- **The records**
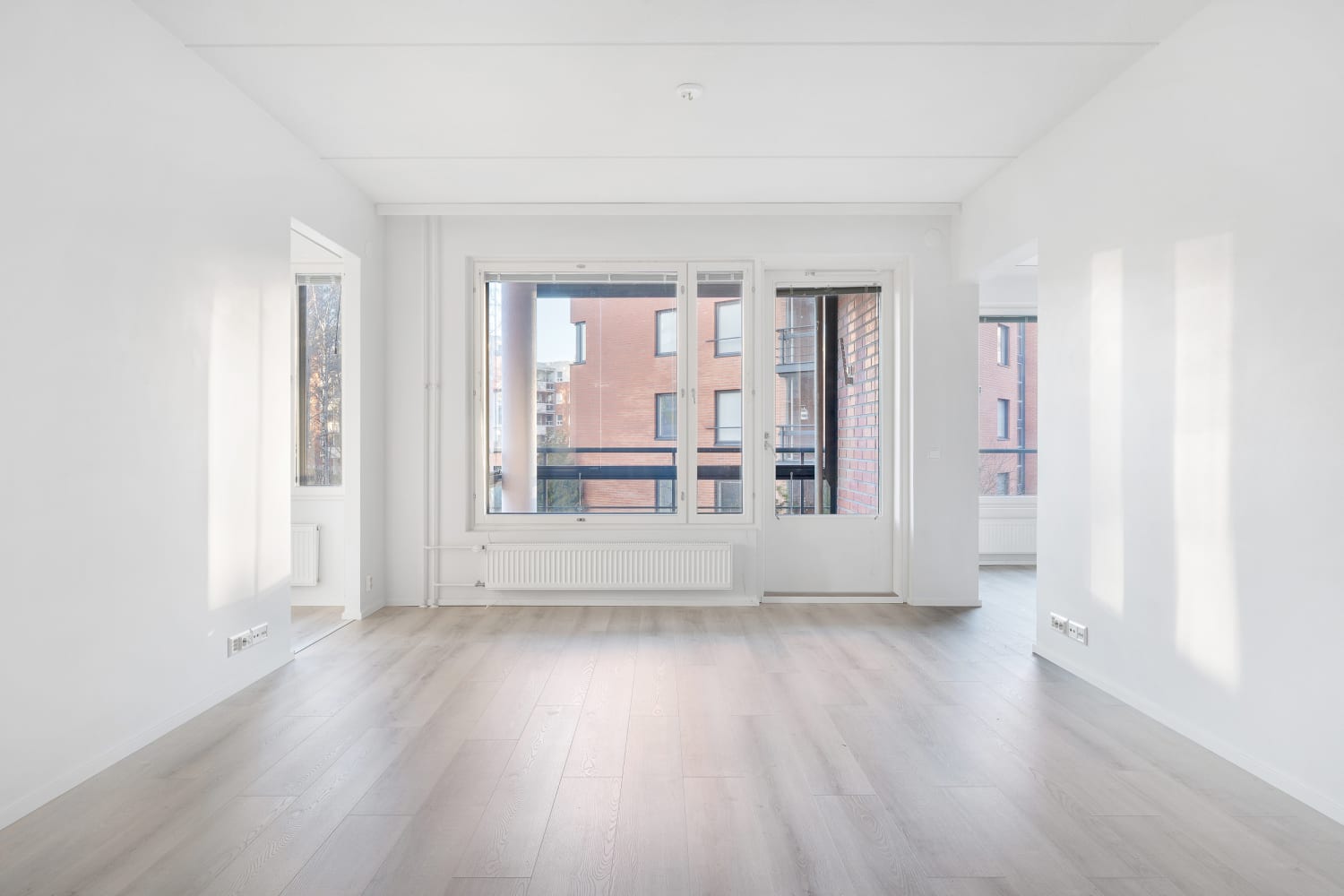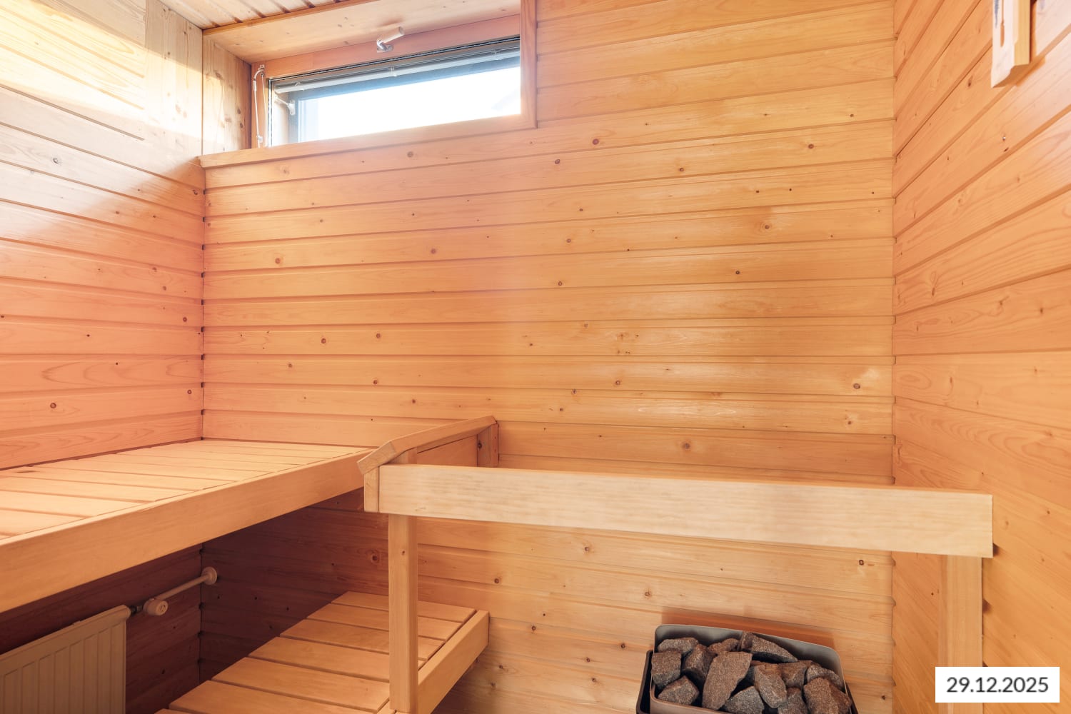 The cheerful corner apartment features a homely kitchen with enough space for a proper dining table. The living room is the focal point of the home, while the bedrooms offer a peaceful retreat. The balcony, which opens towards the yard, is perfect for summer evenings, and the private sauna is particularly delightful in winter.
* * *
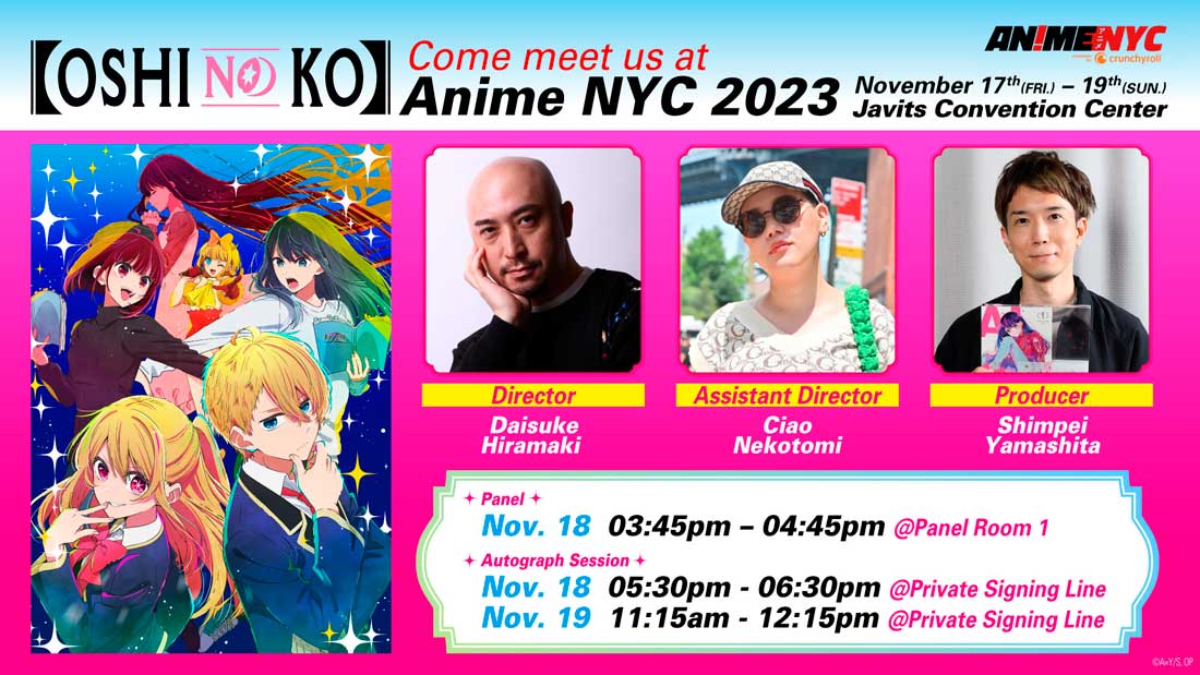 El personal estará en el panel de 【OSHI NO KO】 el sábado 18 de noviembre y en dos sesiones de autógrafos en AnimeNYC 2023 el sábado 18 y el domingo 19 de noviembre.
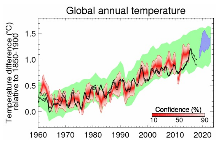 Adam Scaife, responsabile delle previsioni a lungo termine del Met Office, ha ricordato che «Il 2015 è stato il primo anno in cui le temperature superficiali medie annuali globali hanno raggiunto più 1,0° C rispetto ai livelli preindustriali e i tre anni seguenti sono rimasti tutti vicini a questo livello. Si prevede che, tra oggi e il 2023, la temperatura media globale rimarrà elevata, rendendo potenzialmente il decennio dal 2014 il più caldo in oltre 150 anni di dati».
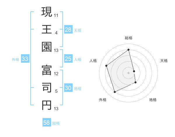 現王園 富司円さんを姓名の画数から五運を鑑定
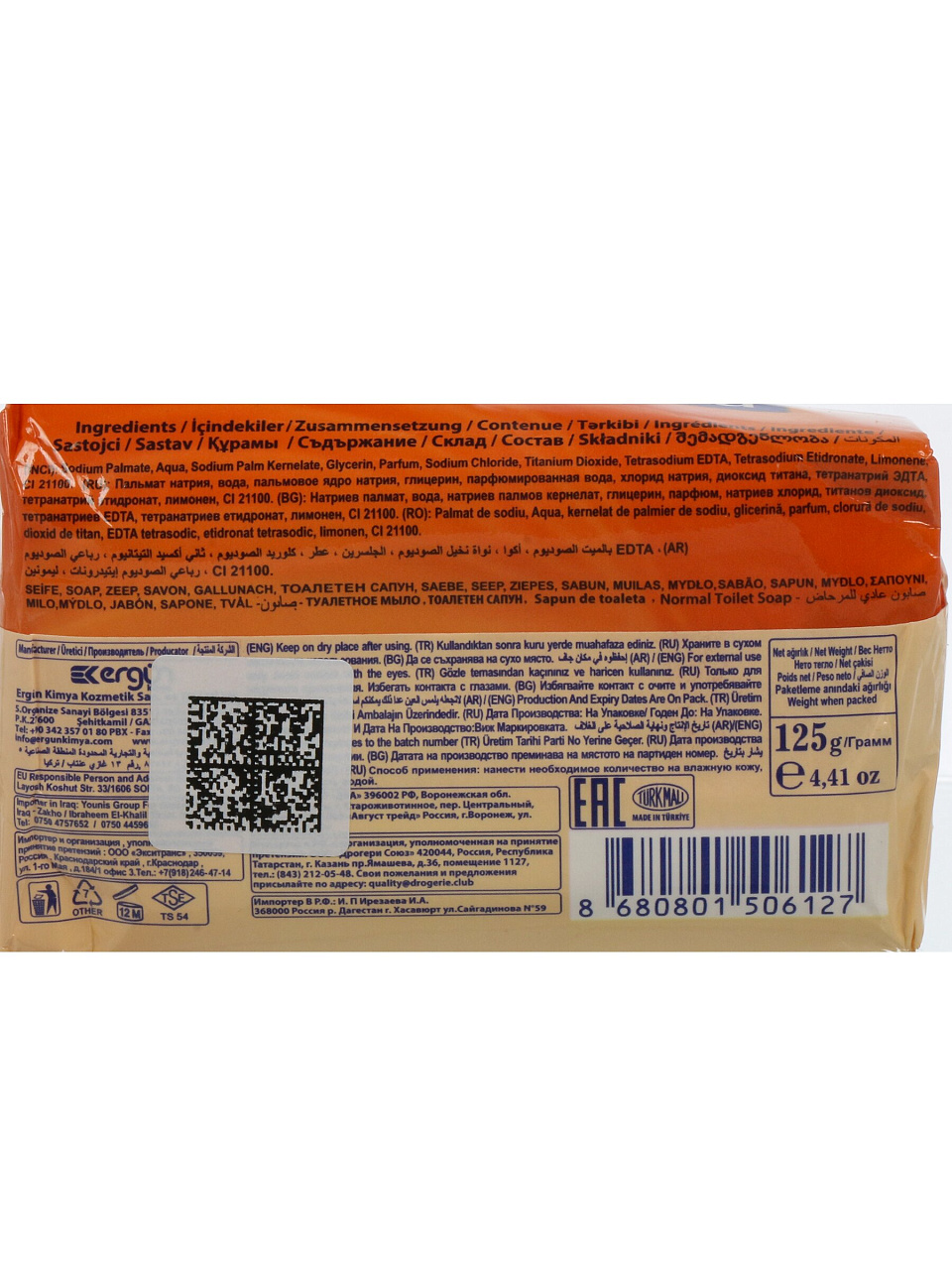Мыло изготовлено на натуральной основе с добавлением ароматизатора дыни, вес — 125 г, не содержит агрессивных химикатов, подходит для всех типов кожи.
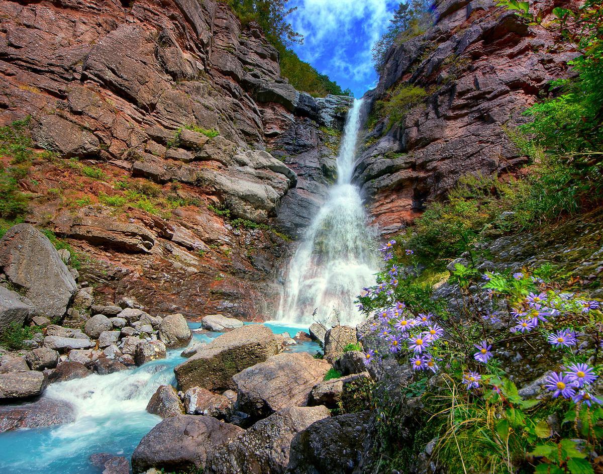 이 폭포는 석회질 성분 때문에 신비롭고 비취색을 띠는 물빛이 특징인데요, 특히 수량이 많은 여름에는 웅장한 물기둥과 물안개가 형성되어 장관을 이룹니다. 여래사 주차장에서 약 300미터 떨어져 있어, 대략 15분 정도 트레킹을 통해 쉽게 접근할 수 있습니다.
...
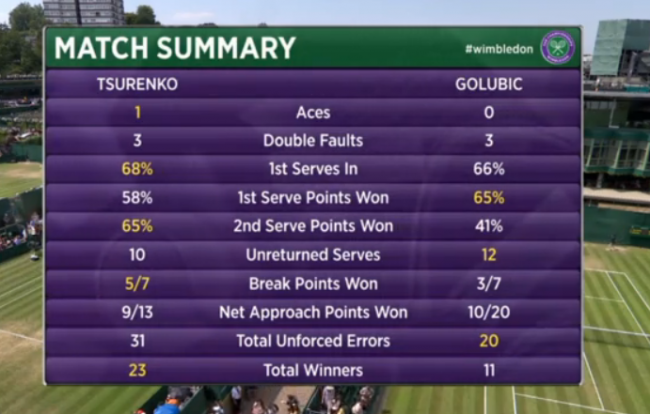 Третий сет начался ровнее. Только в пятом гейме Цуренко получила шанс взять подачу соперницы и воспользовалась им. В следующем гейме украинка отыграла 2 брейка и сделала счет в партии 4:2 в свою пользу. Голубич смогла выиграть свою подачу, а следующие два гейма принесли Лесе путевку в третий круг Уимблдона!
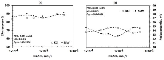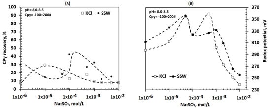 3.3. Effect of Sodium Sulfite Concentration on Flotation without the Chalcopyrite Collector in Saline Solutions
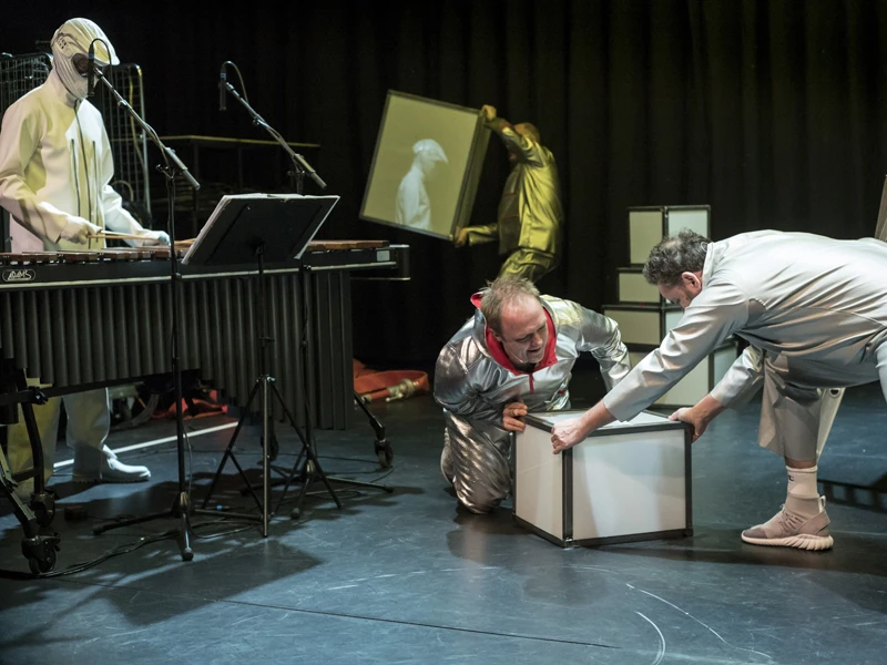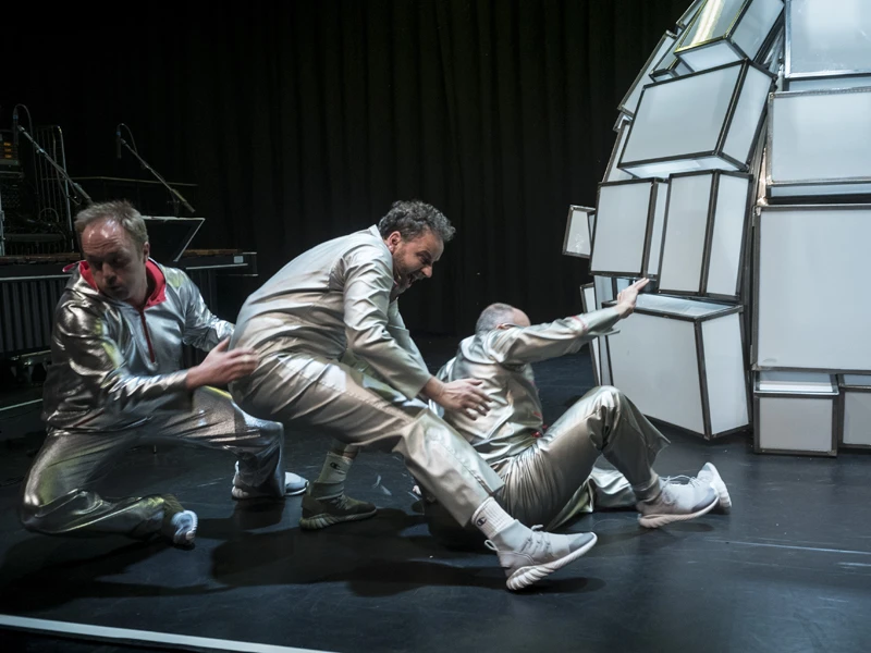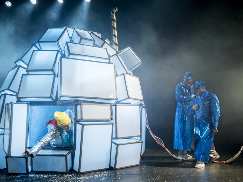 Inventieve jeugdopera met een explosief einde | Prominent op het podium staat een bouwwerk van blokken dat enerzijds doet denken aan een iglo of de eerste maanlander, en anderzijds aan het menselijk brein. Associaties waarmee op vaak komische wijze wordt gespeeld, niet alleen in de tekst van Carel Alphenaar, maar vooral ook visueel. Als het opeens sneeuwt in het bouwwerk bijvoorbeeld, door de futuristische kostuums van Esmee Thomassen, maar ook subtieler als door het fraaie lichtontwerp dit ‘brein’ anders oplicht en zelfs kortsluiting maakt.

- **Problem statement**
Copy everything above from the line holding "Мыло изготовлено на" down to the line holding "이 폭포는 석회질 성분", both ends included, exactly as it stands and without the pictures.

- **Completed exercise**
Мыло изготовлено на натуральной основе с добавлением ароматизатора дыни, вес — 125 г, не содержит агрессивных химикатов, подходит для всех типов кожи.
 이 폭포는 석회질 성분 때문에 신비롭고 비취색을 띠는 물빛이 특징인데요, 특히 수량이 많은 여름에는 웅장한 물기둥과 물안개가 형성되어 장관을 이룹니다. 여래사 주차장에서 약 300미터 떨어져 있어, 대략 15분 정도 트레킹을 통해 쉽게 접근할 수 있습니다.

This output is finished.